Task statement – For the data below, retype word for word the lines from the one containing "Готовые домашние задания" through the one containing "Mugzie Leopard Head"; drop the pictures.
*** Exercise inputs Section Begins ***
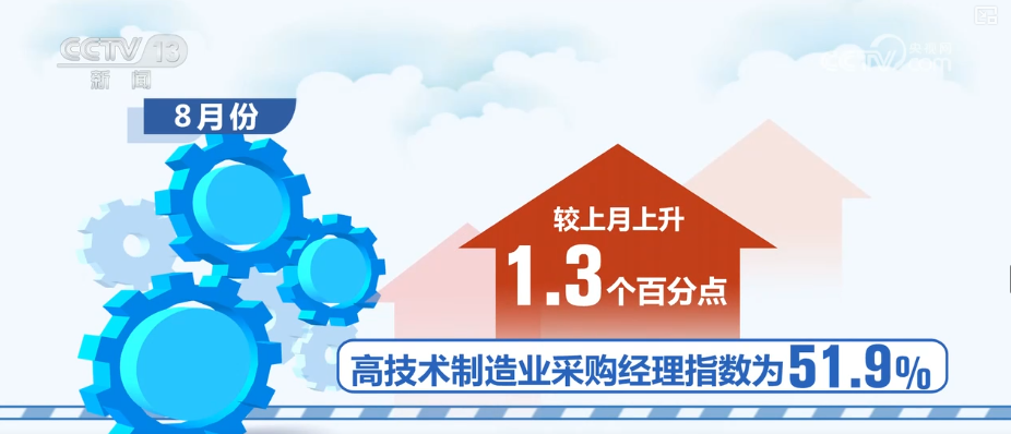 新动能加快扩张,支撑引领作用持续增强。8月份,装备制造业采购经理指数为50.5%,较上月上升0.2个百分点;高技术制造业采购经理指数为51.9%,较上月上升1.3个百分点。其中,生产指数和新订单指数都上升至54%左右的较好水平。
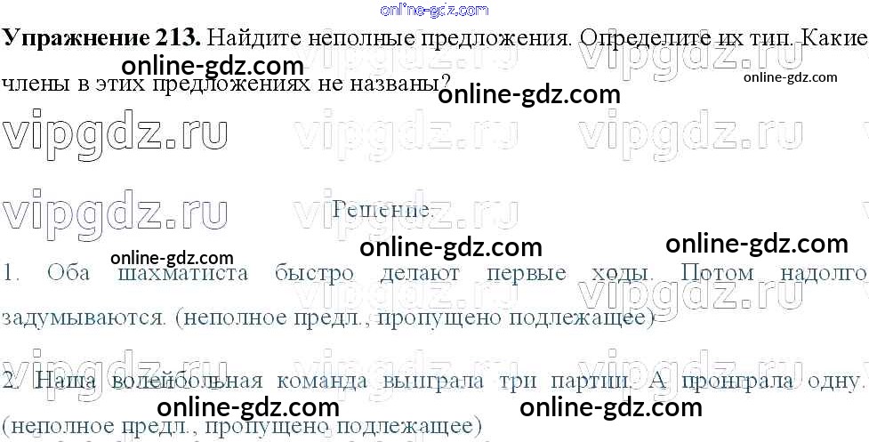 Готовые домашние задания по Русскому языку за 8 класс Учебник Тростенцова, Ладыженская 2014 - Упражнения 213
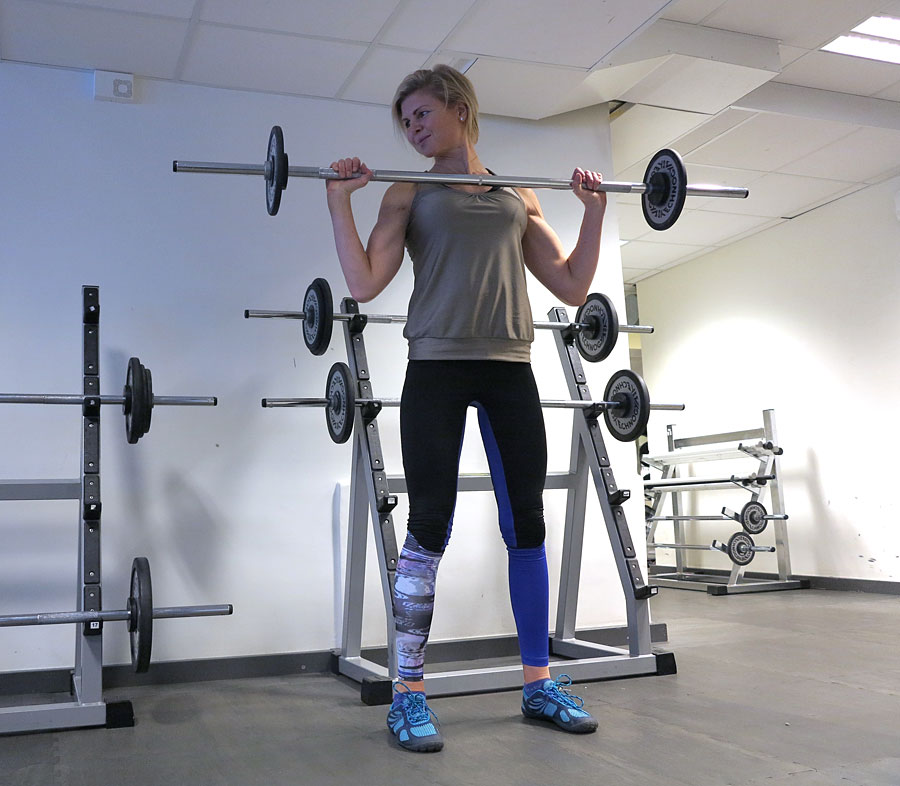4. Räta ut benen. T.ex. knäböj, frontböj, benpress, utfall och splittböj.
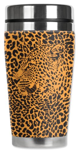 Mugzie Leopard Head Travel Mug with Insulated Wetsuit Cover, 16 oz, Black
*** Exercise inputs Section Ends ***
*** Exercise inputs Section Begins ***
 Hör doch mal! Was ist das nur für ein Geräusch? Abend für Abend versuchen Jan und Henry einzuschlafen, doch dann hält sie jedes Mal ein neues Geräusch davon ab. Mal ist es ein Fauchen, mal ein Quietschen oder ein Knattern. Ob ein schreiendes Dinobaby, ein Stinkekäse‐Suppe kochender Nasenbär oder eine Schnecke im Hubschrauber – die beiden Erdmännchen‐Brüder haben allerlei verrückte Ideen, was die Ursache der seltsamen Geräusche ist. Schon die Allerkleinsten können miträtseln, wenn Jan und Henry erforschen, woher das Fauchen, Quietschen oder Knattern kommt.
*** Exercise inputs Section Ends ***
Response area –
 Готовые домашние задания по Русскому языку за 8 класс Учебник Тростенцова, Ладыженская 2014 - Упражнения 213
4. Räta ut benen. T.ex. knäböj, frontböj, benpress, utfall och splittböj.
 Mugzie Leopard Head Travel Mug with Insulated Wetsuit Cover, 16 oz, Black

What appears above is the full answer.